*** Data provided

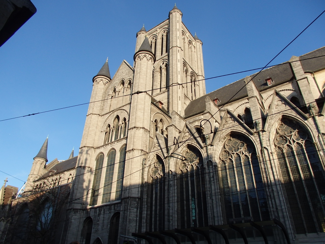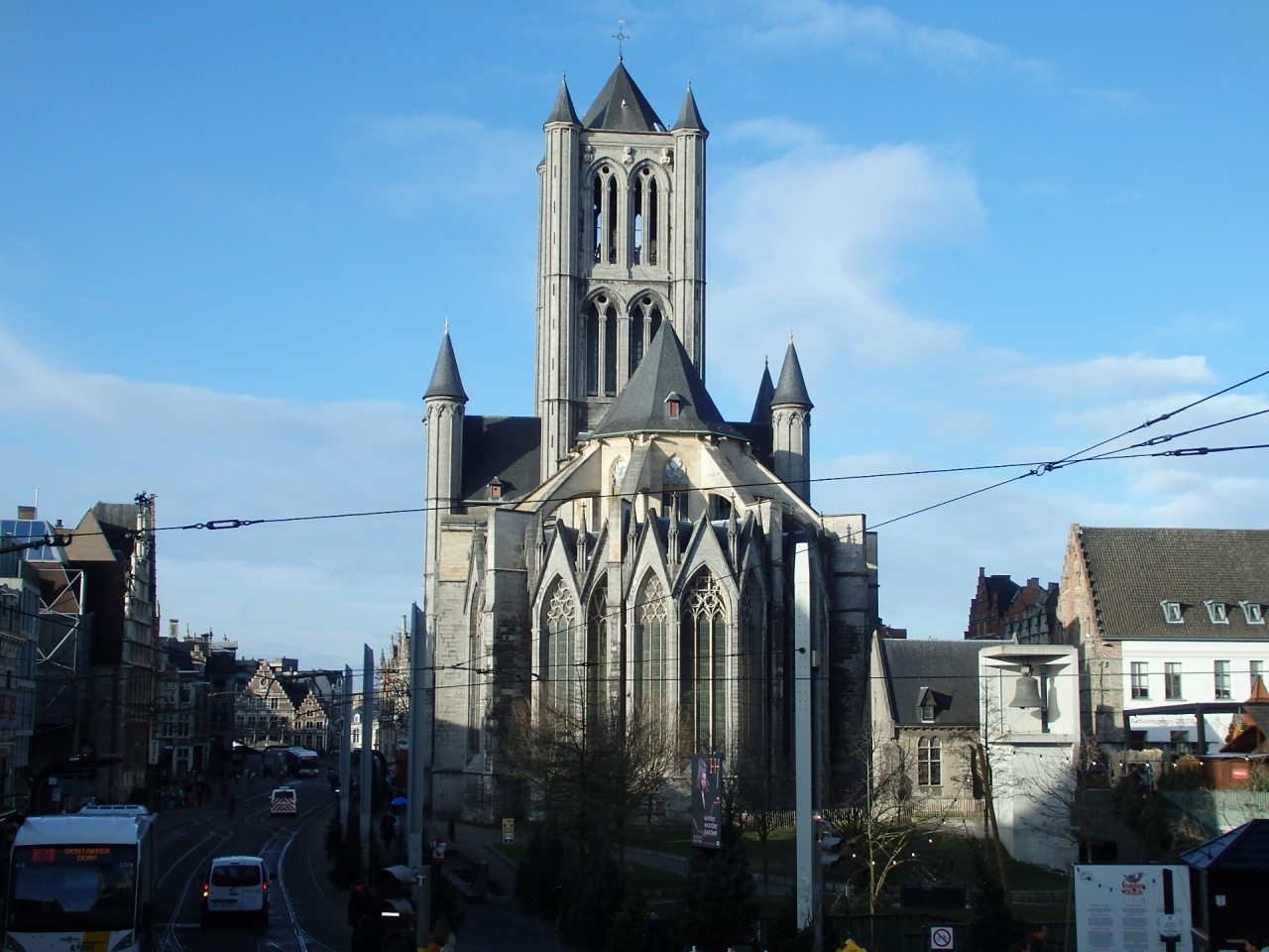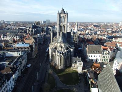 ゲント旧市街の中心地コーレンマルクトにトラムで到着した時、目の前に聳えるように建つのが聖ニコラス教会です。スヘルデ・ゴシック様式の最高傑作とされ、トゥルネー地方産の青灰色の石が使われているその荘厳な美しさは圧倒的。元の教会は12世紀にはロマネスク様式による小さな木造の建物でした。13世紀に新しく建築が始まり何世紀にも渡って増改築されてきました。ゲント商人の富と文化の高さを象徴する教会でもあり、教会内には素晴らしい絵画やステンドグラス、彫刻がたくさん飾られています。
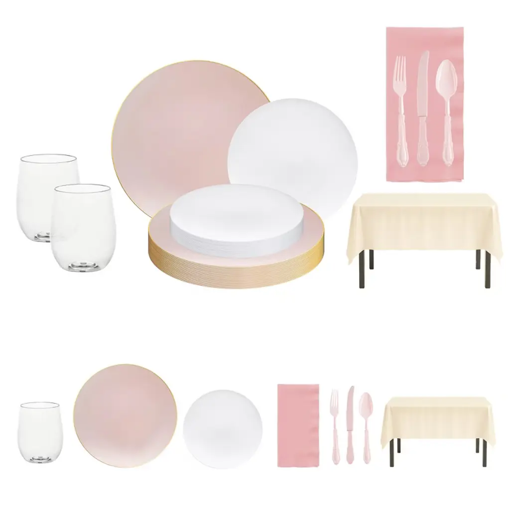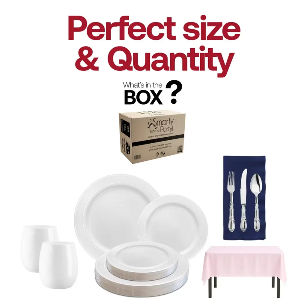 Bring elegance to your next gathering with this disposable dinnerware set for 20 guests, featuring white dinner and salad plates with silver trim, paired with matching silver flatware for a polished look. The set includes navy blue napkins, pink tablecloths, white cups, and stylish wine glasses to complete a chic and modern tablescape. Crafted from durable BPA-free plastic, this set combines upscale design with the convenience of one-time use, making it perfect for weddings, anniversaries, birthdays, showers, and holiday celebrations.
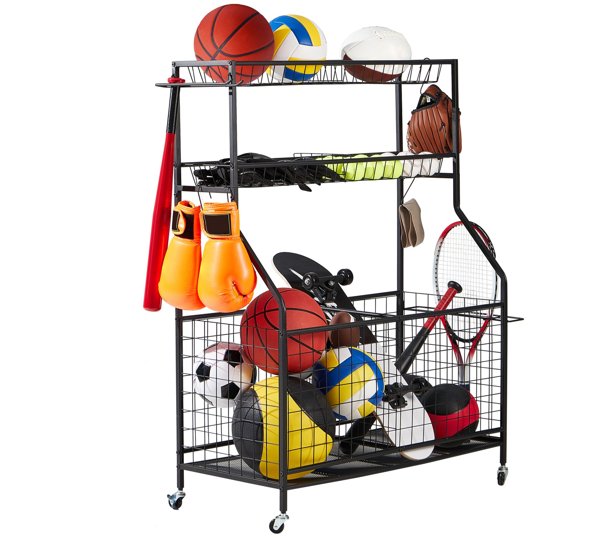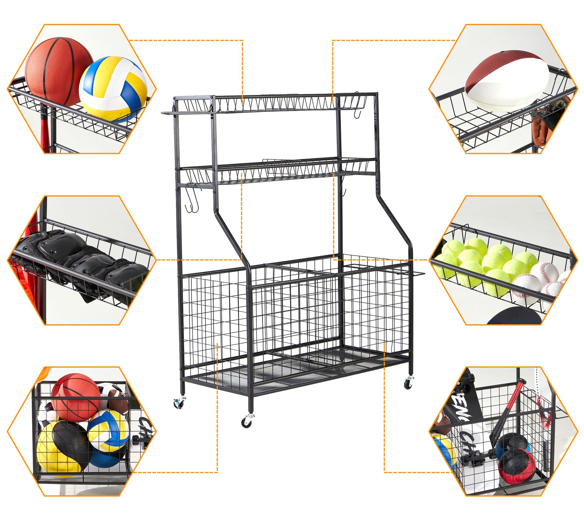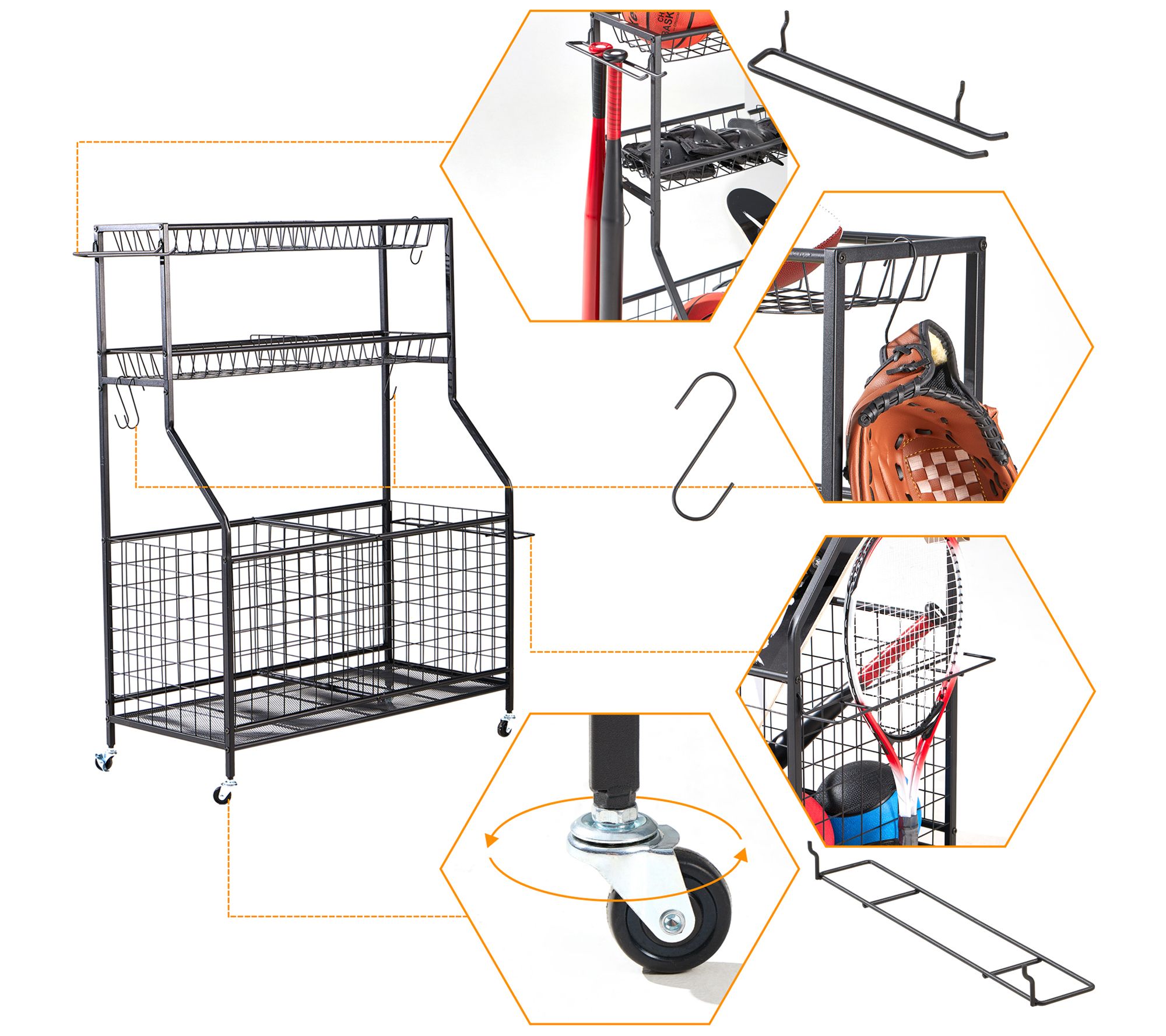 • Includes organizer set with panels, two baskets, bat organizer, racket organizer, hooks, four wheels, and screw kit

******

Return the listing above in full and without alteration, excluding its pictures.

 ゲント旧市街の中心地コーレンマルクトにトラムで到着した時、目の前に聳えるように建つのが聖ニコラス教会です。スヘルデ・ゴシック様式の最高傑作とされ、トゥルネー地方産の青灰色の石が使われているその荘厳な美しさは圧倒的。元の教会は12世紀にはロマネスク様式による小さな木造の建物でした。13世紀に新しく建築が始まり何世紀にも渡って増改築されてきました。ゲント商人の富と文化の高さを象徴する教会でもあり、教会内には素晴らしい絵画やステンドグラス、彫刻がたくさん飾られています。
 Bring elegance to your next gathering with this disposable dinnerware set for 20 guests, featuring white dinner and salad plates with silver trim, paired with matching silver flatware for a polished look. The set includes navy blue napkins, pink tablecloths, white cups, and stylish wine glasses to complete a chic and modern tablescape. Crafted from durable BPA-free plastic, this set combines upscale design with the convenience of one-time use, making it perfect for weddings, anniversaries, birthdays, showers, and holiday celebrations.
 • Includes organizer set with panels, two baskets, bat organizer, racket organizer, hooks, four wheels, and screw kit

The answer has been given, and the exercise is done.